3. **JOIN Generation**
   - Detect relation types (1:N, N:1, N:M)
   - Generate LATERAL joins
   - Handle junction tables

This would require:
- Database connection capability
- Schema caching
- Complex JOIN logic
- Breaking change to API (schema parameter required)

## Workarounds

### Option 1: Use PostgREST Directly

For production use with relations, use [PostgREST](https://postgrest.org/) itself.
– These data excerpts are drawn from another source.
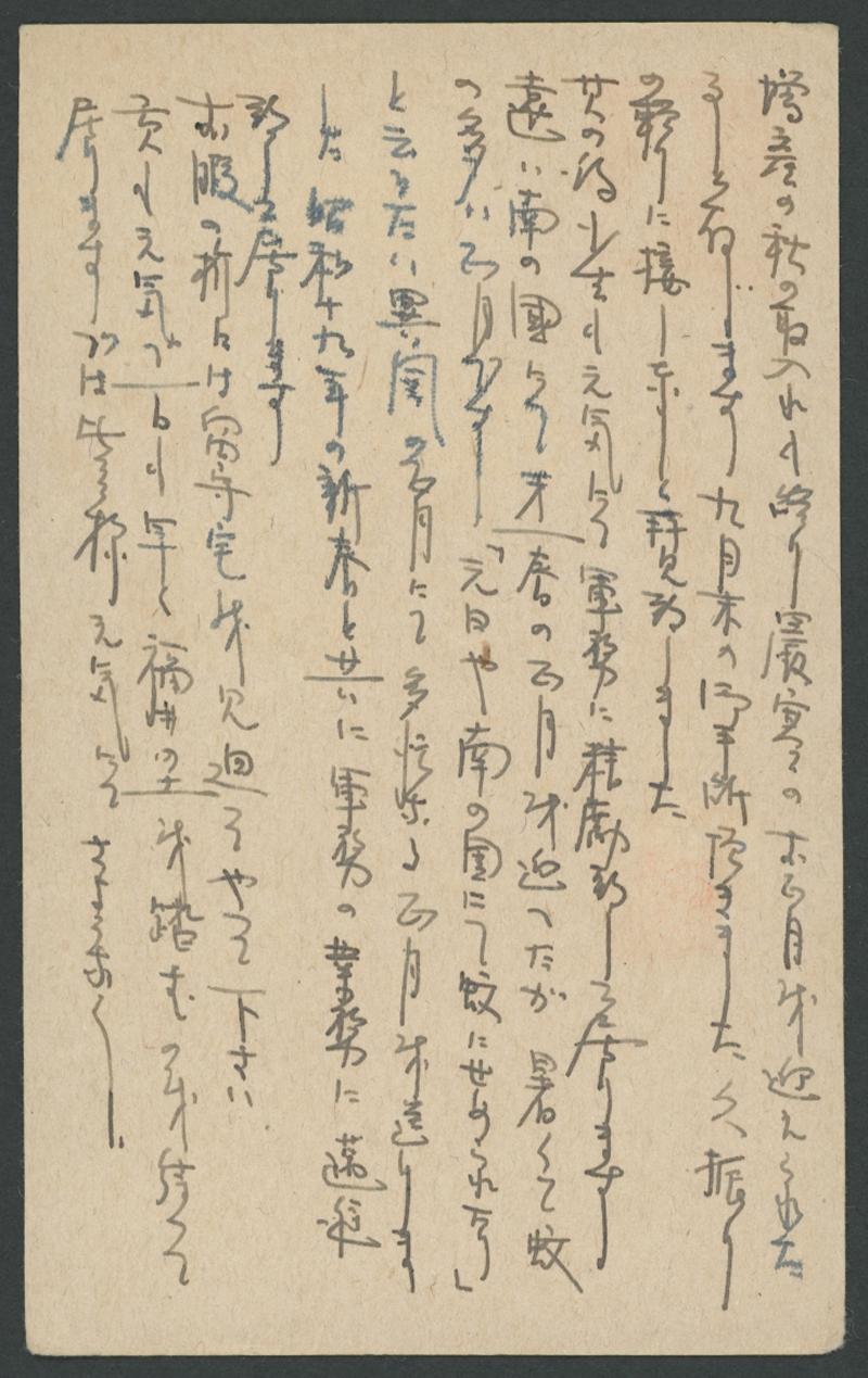 with censor's han in scarlet, full message but without transcript. Sender identified as Mitsugu Igarashi. Possibly from Nauru? (Image1)
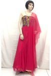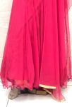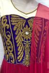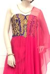 Long Salwar with stone worked velvet top body; comes with trousers, sleeves material and net shawl. Material : Net/ Velvet Colour : Magenta/ Purple/ Gold
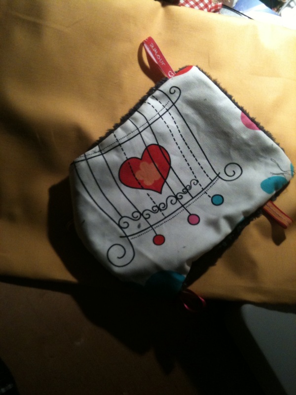 rouge, petite étiquette car les loulous adorent ça et au verso j'ai utilisé un coton
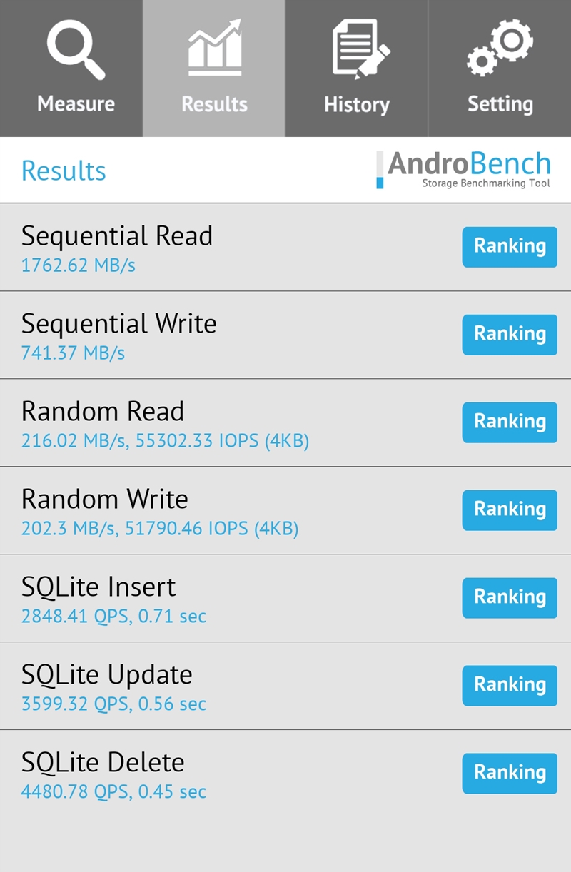 AndroBech是一款手机内存性能测试软件,其能够测试手机的连续读写、随机读写、数据库性能,对于手机闪存的类型和性能强弱,有很大的参考意义。
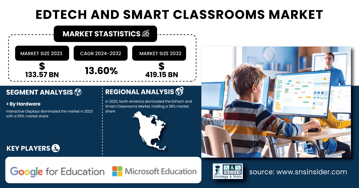 AUSTIN, TX, UNITED STATES, February 17, 2025 /EINPresswire.com/ -- The EdTech and Smart Classrooms Market size was valued at USD 133.57 billion in 2023 and is expected to reach USD 419.15 billion by 2032, growing at a CAGR of 13.60% over the forecast period 2024-2032. This report includes insights on customer adoption rates, cost metrics, technological advancements, and security and compliance metrics. The market is driven by increasing digitalization in education, rising demand for personalized learning, and integration of AI and IoT. Cost efficiency, regulatory standards, and regional adoption trends also shape market growth.Get Sample Copy of Report: https://www.snsinsider.com/sample-request/2546
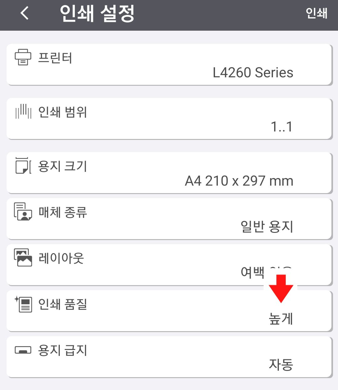 프린트 설정에서 고화질, 저화질이 있다면 고화질로 선택하셔서 프린트 하심을 추천드립니다.
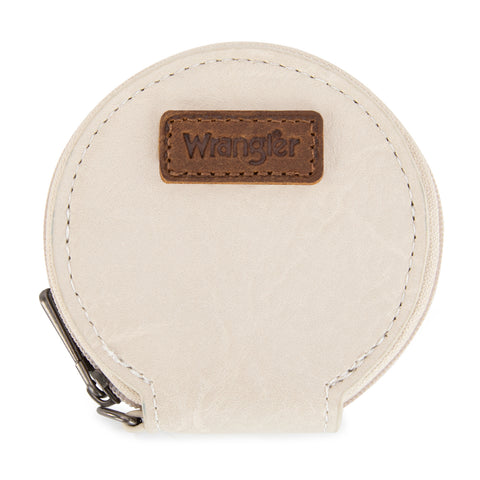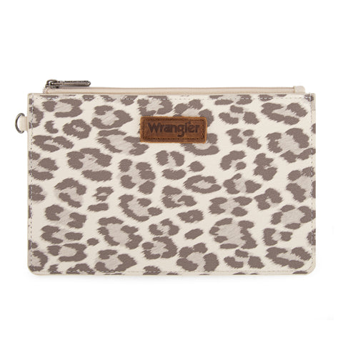 WG366-W114 Wrangler Leopard Print Dual Pouch Wristlet with Zipper Round Case- Beige
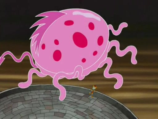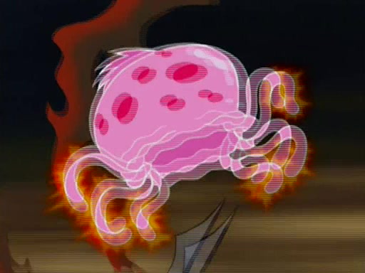 Just then, the Dragon Jellyfish smashes through the wall with the prophecy on it.
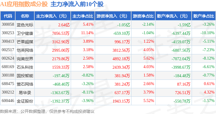 资金流向方面,AI应用(980112)指数成份股当日主力资金净流出合计30.63亿元,游资资金净流入合计13.72亿元,散户资金净流入合计16.91亿元。成份股资金流向详情见下表:
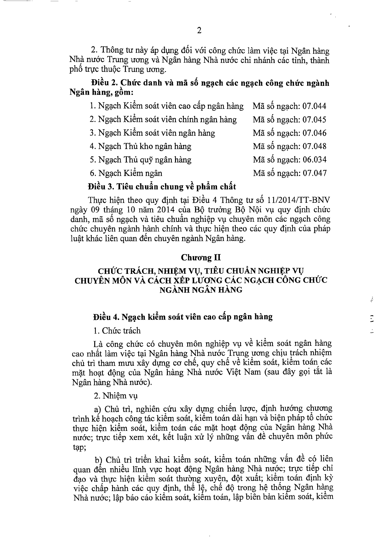 Ngày 19/8/2019, Ngân hàng nhà nước Việt Nam ban hành Thông tư 12/2019/TT-NHNN quy định chức danh, mã số ngạch, tiêu chuẩn nghiệp vụ và cách xếp lương các ngạch công chức ngành Ngân hàng.
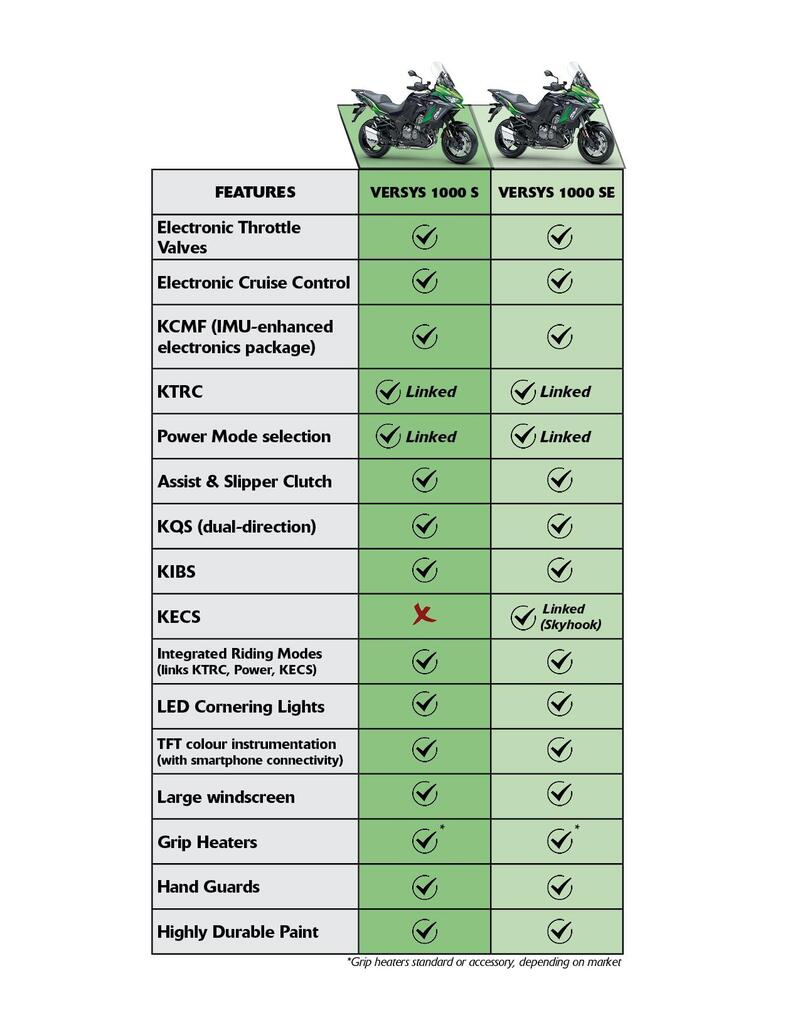 Versione S ed SE condividono i fari full LED che include le cornering lights, la strumentazione TFT con connettività Bluetooth allo smartphone tramite l'app Kawasaki Rideology e infine un ampio parabrezza regolabile in altezza e paramani protettivi.

### Option 2: Custom Relation Handling

```rust
use postgrest_parser::{parse_query_string, SelectItem, ItemType};

let params = parse_query_string("select=id,name,posts(title)").unwrap();

for item in params.select.unwrap() {
    match item.item_type {
        ItemType::Relation => {
            // Handle relation yourself:
            // 1. Detect foreign key from your schema
            // 2. Generate proper JOIN
            // 3. Build subquery with WHERE condition
            println!("Need to resolve relation: {}", item.name);
        }
        ItemType::Field => {
            // Regular field - works fine
        }
        _ => {}
    }
}
```

### Option 3: Schema-First Approach

```rust
// Define your schema statically
struct Schema {
    users_to_posts: ForeignKey {
        from: "users.id",
        to: "posts.user_id"
    }
}

// Use schema to build correct SQL
fn build_with_schema(query: &str, schema: &Schema) -> String {
    // Your custom logic here
}
```

## Conclusion

This library provides **90% of PostgREST functionality** for single-table operations and mutations. For multi-table relations, you need either:

1. PostgREST itself (recommended for production)
2. Custom relation handling with your schema knowledge
3. Contribute schema introspection to this library 🙏

The parser correctly handles all PostgREST syntax - it just doesn't have the schema metadata to generate valid multi-table SQL.